→ **To do**
Your copy should repeat the data that follows exactly and contain no image.

→ **Given information**
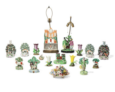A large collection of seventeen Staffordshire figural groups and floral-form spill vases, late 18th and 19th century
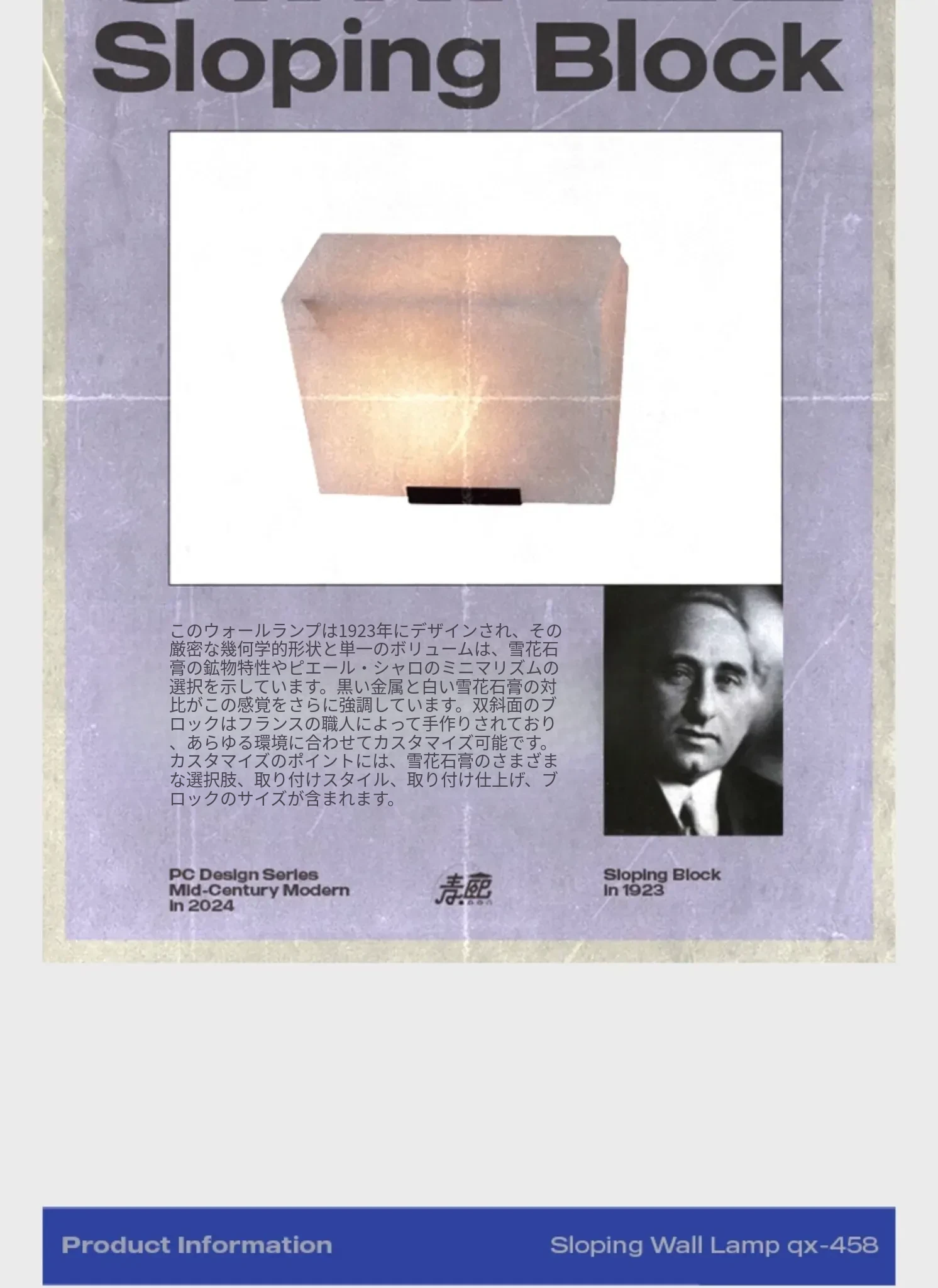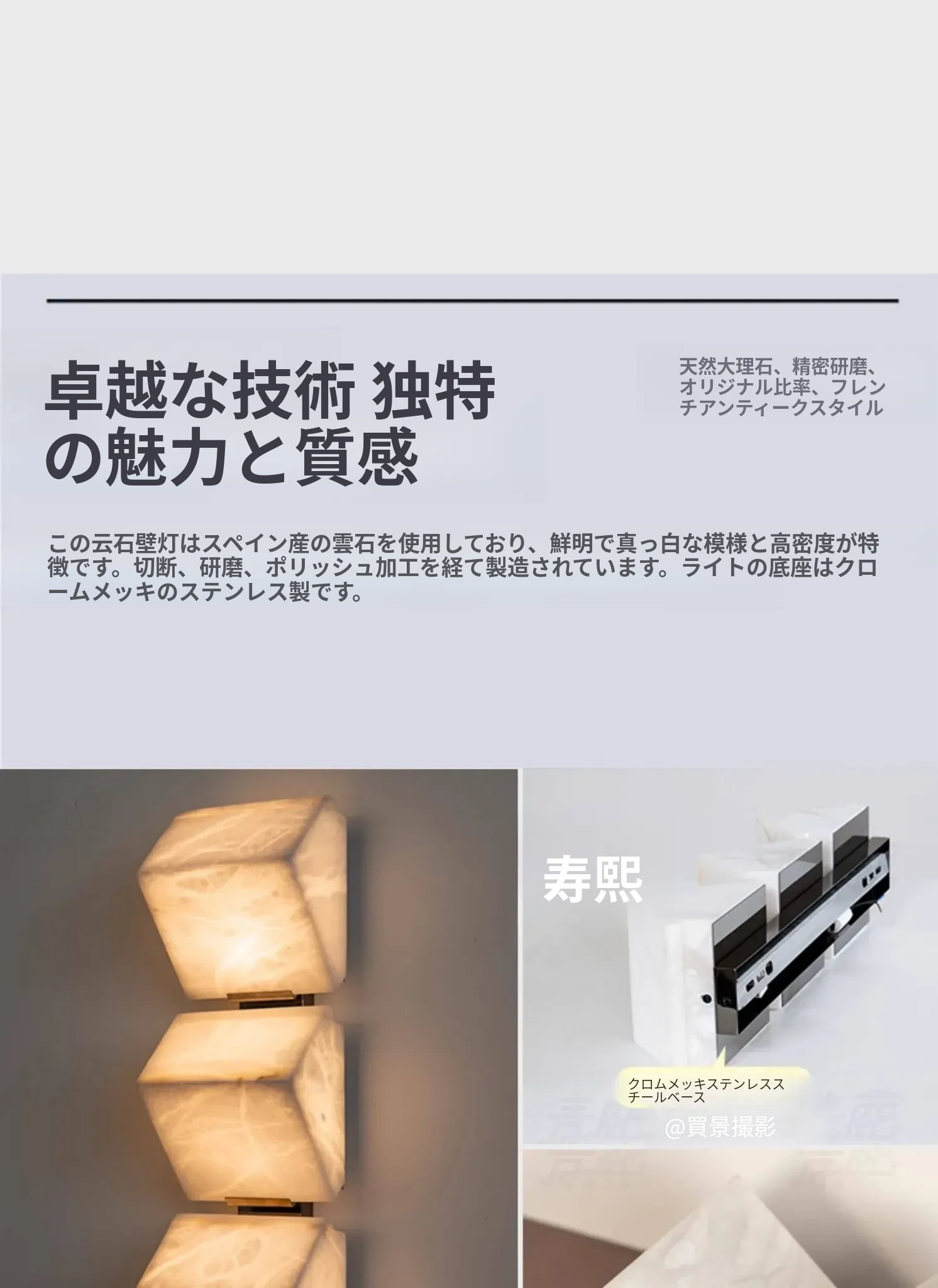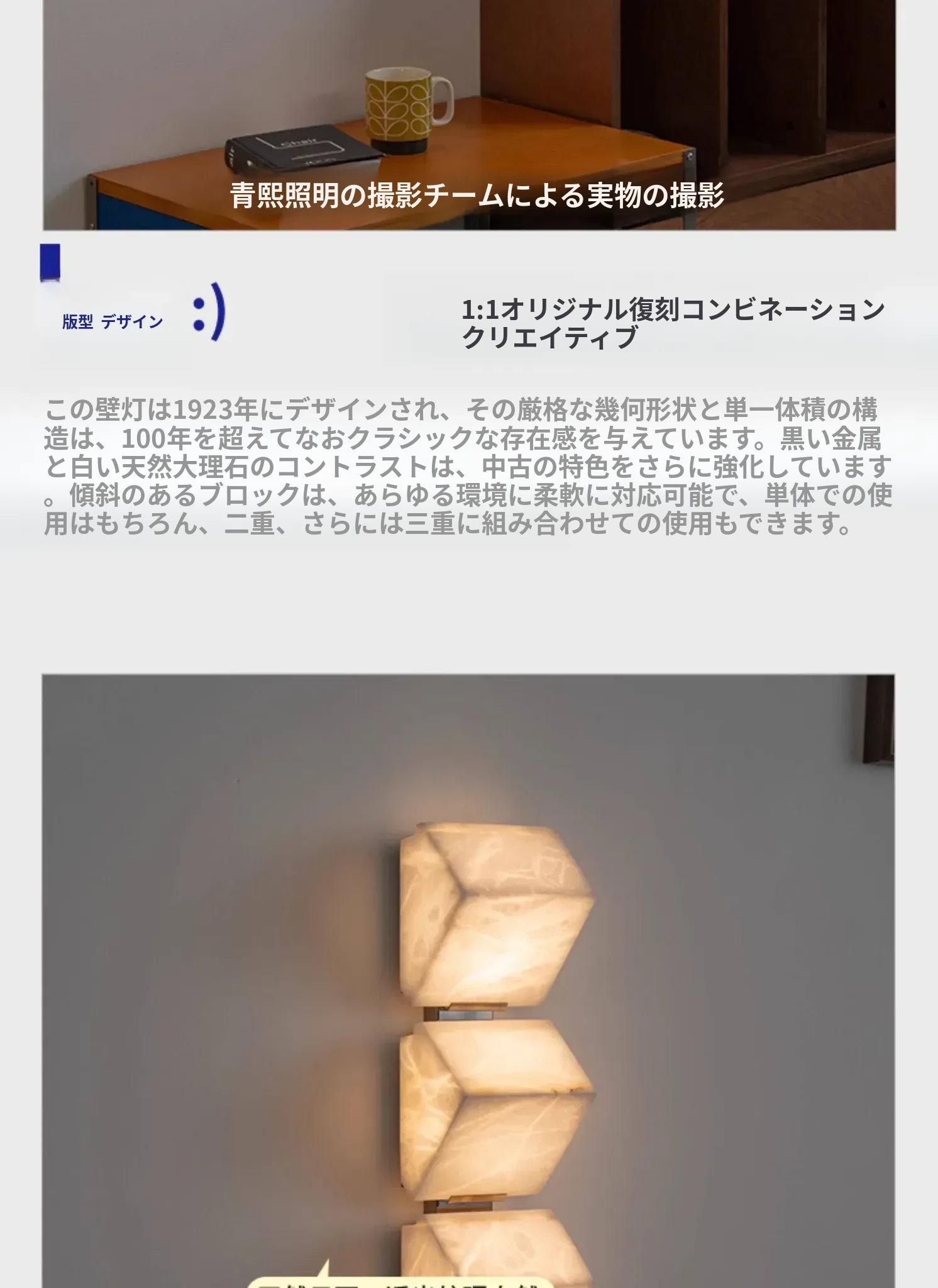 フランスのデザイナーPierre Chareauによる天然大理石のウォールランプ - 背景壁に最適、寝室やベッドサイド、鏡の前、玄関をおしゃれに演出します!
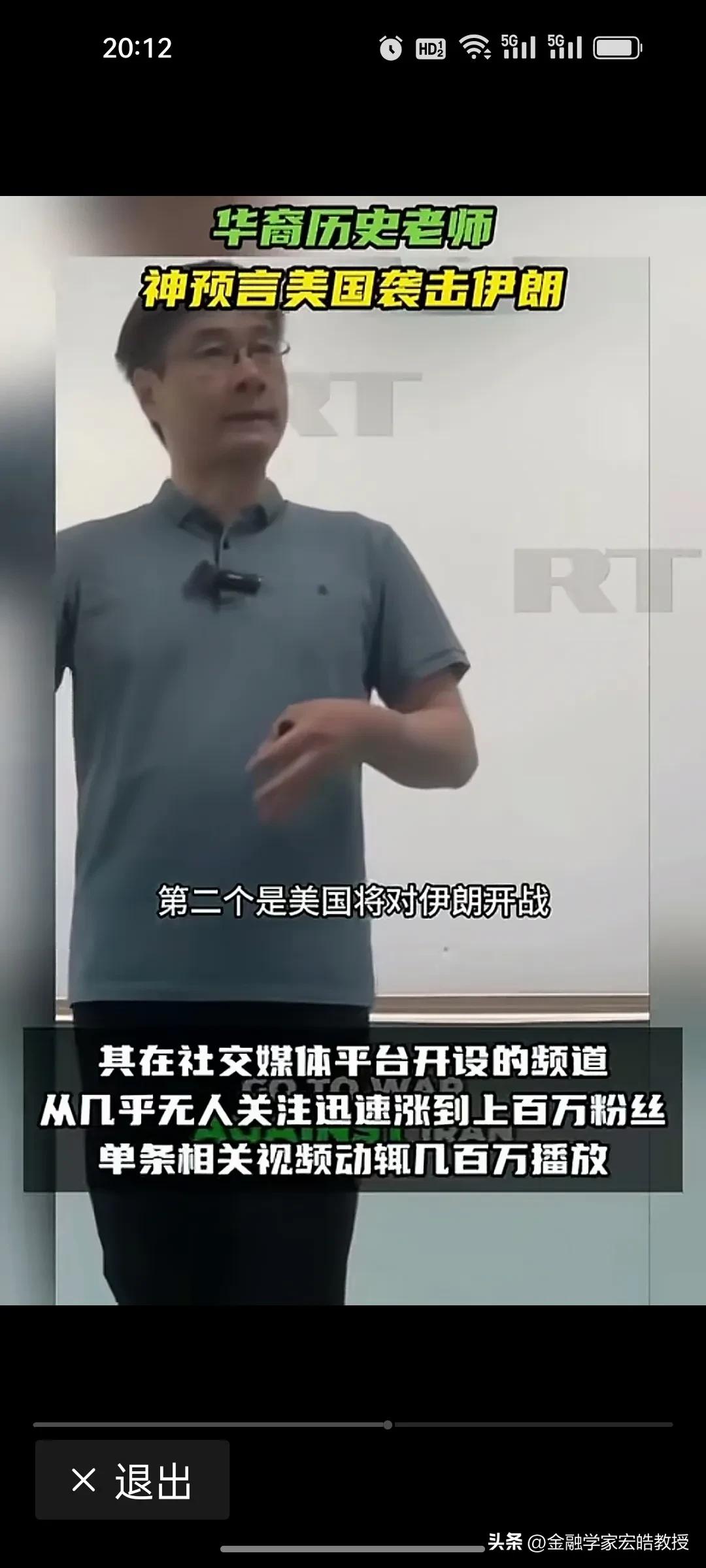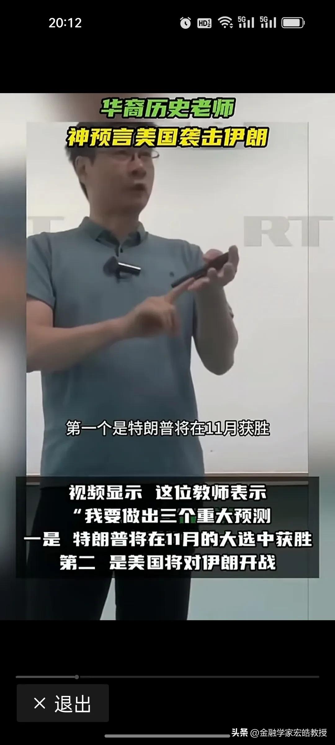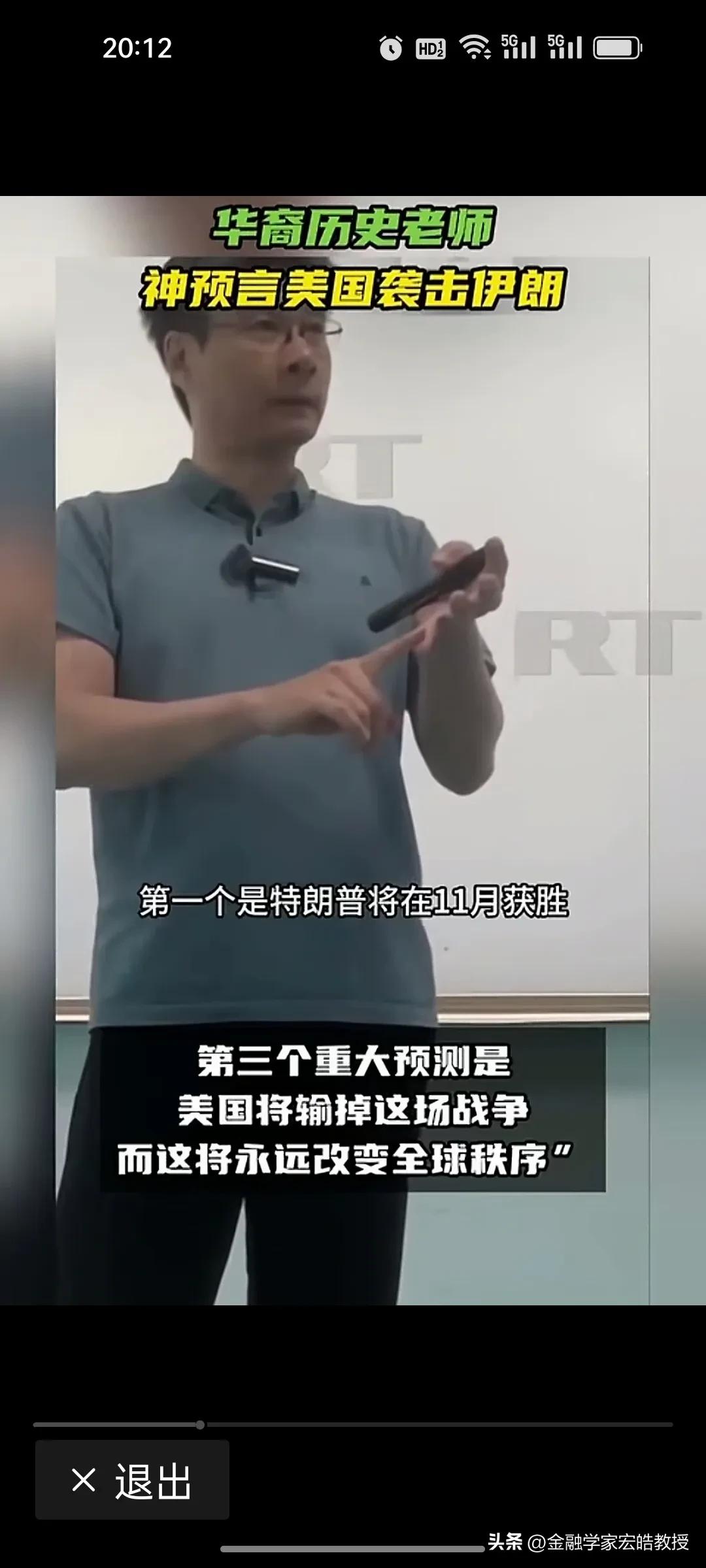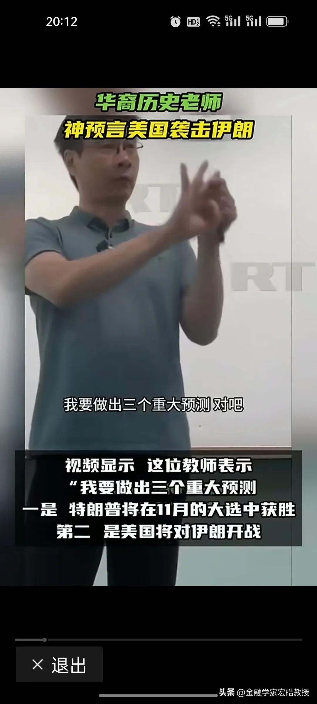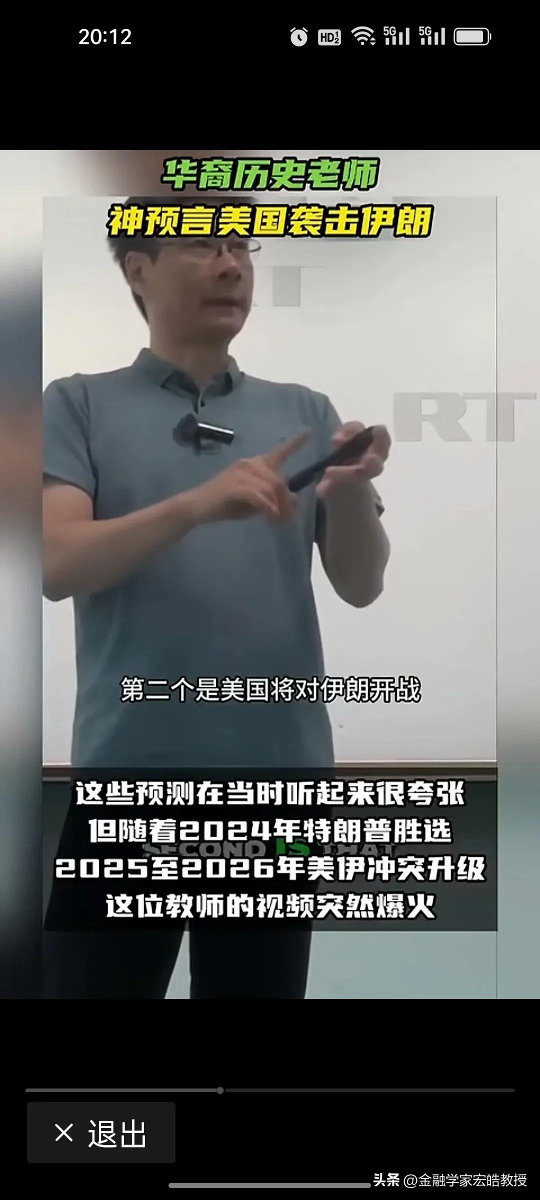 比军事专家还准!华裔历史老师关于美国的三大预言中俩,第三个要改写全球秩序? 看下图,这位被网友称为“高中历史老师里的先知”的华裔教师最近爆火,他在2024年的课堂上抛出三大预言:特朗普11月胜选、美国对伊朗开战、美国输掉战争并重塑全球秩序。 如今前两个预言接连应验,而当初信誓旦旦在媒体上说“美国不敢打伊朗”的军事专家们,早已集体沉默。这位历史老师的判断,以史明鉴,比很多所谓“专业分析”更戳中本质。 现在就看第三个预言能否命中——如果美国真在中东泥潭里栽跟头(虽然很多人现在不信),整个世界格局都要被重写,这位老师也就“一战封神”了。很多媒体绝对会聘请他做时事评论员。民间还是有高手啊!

→ **Answer section**
A large collection of seventeen Staffordshire figural groups and floral-form spill vases, late 18th and 19th century
 フランスのデザイナーPierre Chareauによる天然大理石のウォールランプ - 背景壁に最適、寝室やベッドサイド、鏡の前、玄関をおしゃれに演出します!
 比军事专家还准!华裔历史老师关于美国的三大预言中俩,第三个要改写全球秩序? 看下图,这位被网友称为“高中历史老师里的先知”的华裔教师最近爆火,他在2024年的课堂上抛出三大预言:特朗普11月胜选、美国对伊朗开战、美国输掉战争并重塑全球秩序。 如今前两个预言接连应验,而当初信誓旦旦在媒体上说“美国不敢打伊朗”的军事专家们,早已集体沉默。这位历史老师的判断,以史明鉴,比很多所谓“专业分析”更戳中本质。 现在就看第三个预言能否命中——如果美国真在中东泥潭里栽跟头(虽然很多人现在不信),整个世界格局都要被重写,这位老师也就“一战封神”了。很多媒体绝对会聘请他做时事评论员。民间还是有高手啊!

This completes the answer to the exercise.